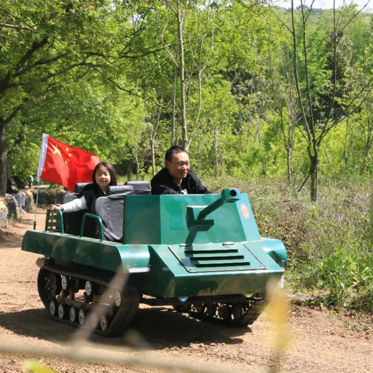 3、游乐坦克车是属无级变速,左右操纵杆转向,右脚是油门。油门幅度越大,车速越快。初学者请务必放慢速度,上车请系好安全带,有问题可联系工作人员学习指导。
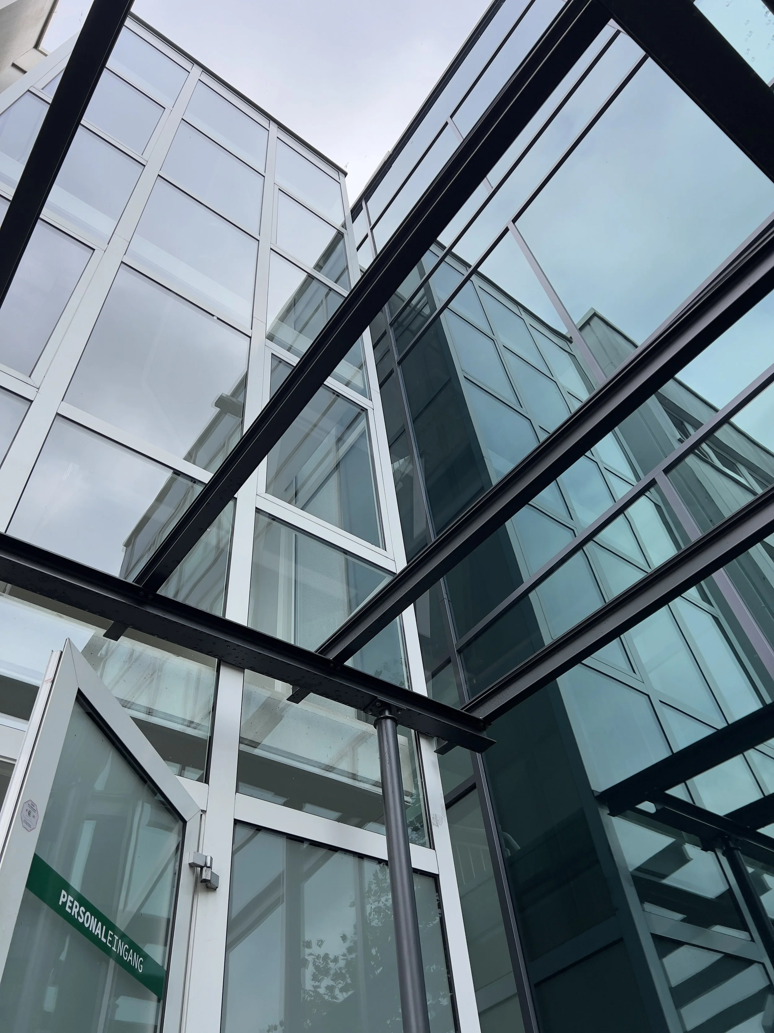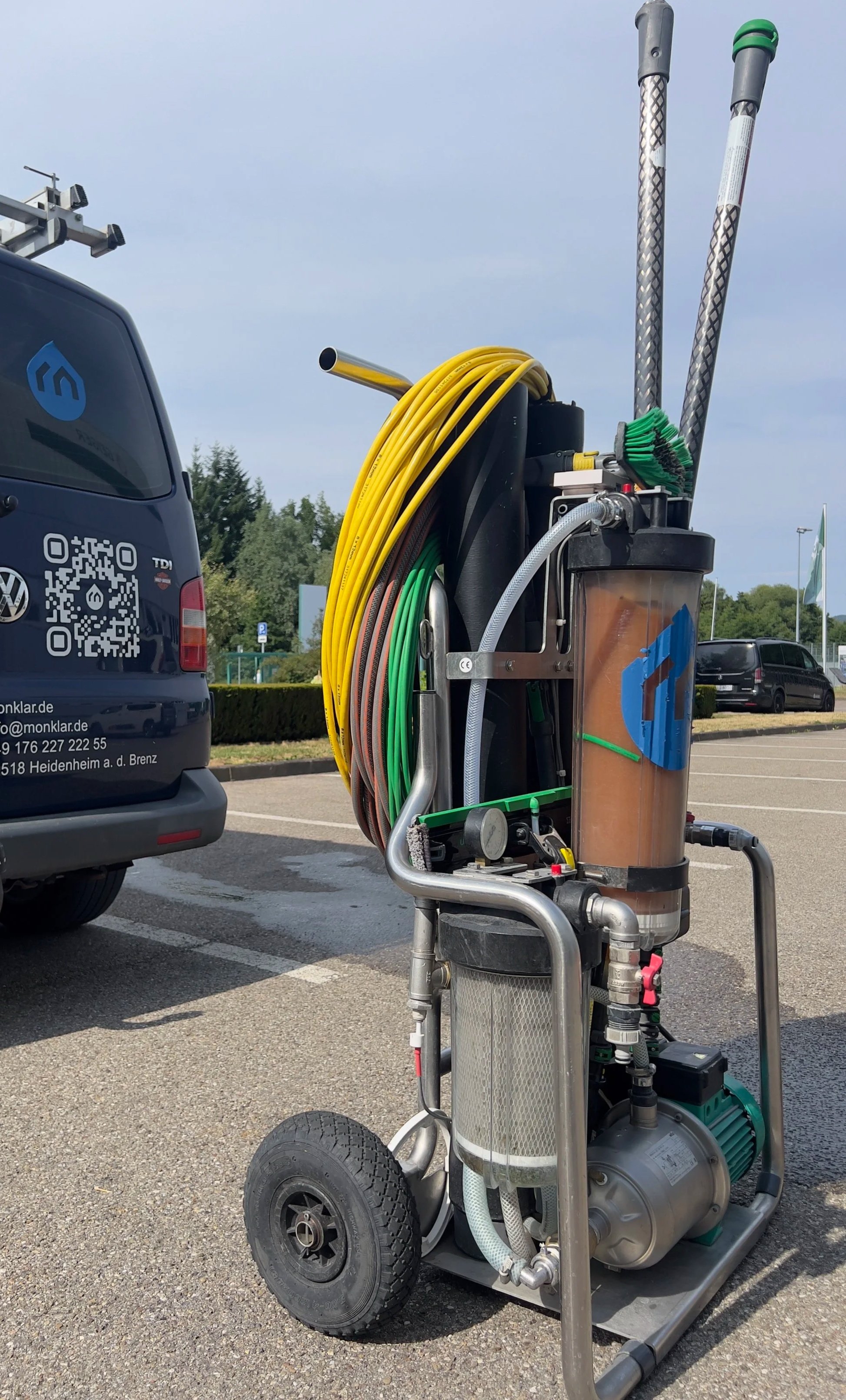 Unsere mobilen Reinwassersysteme und Carbon-Teleskopstangen ermöglichen eine sichere, chemiefreie Glasreinigung bis zu 22 Metern Höhe – direkt vom Boden aus, effizient und umweltbewusst
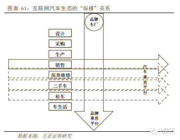 互联网汽车生态链中可被互联网化的有两大方向。汽车垂直平台和品牌垂直平台两类,两者形成“纵横”的关系网。
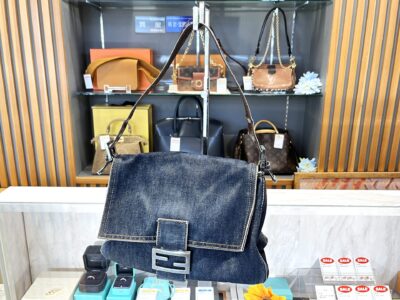 FENDI【フェンディ】デニム マンマバケット セミショルダーバッグ ハンドバッグ レザー
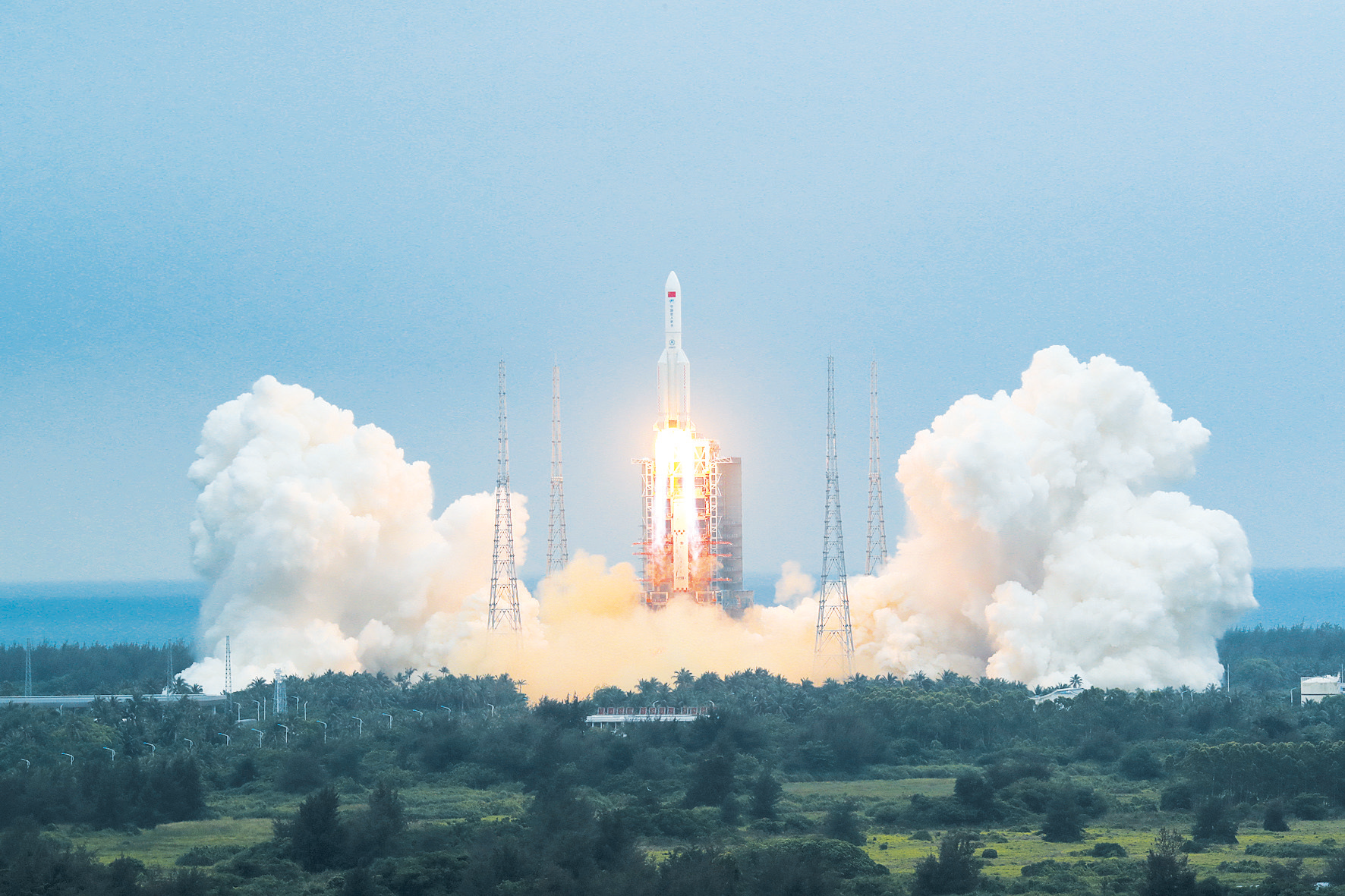 4月29日11时23分,中国空间站天和核心舱在我国文昌航天发射场发射升空,准确进入预定轨道,任务取得成功。这次发射任务成功,标志着中国空间站在轨组装建造全面展开,为后续关键技术验证和空间站组装建造顺利实施奠定了坚实基础。(新华社)

_Your assignment_
Beginning with the line that contains "FENDI【フェンディ】デニム マンマバケット セミショルダーバッグ", repeat every remaining line of the data exactly, the last line included, and omit pictures.

_Written reply_
 FENDI【フェンディ】デニム マンマバケット セミショルダーバッグ ハンドバッグ レザー
 4月29日11时23分,中国空间站天和核心舱在我国文昌航天发射场发射升空,准确进入预定轨道,任务取得成功。这次发射任务成功,标志着中国空间站在轨组装建造全面展开,为后续关键技术验证和空间站组装建造顺利实施奠定了坚实基础。(新华社)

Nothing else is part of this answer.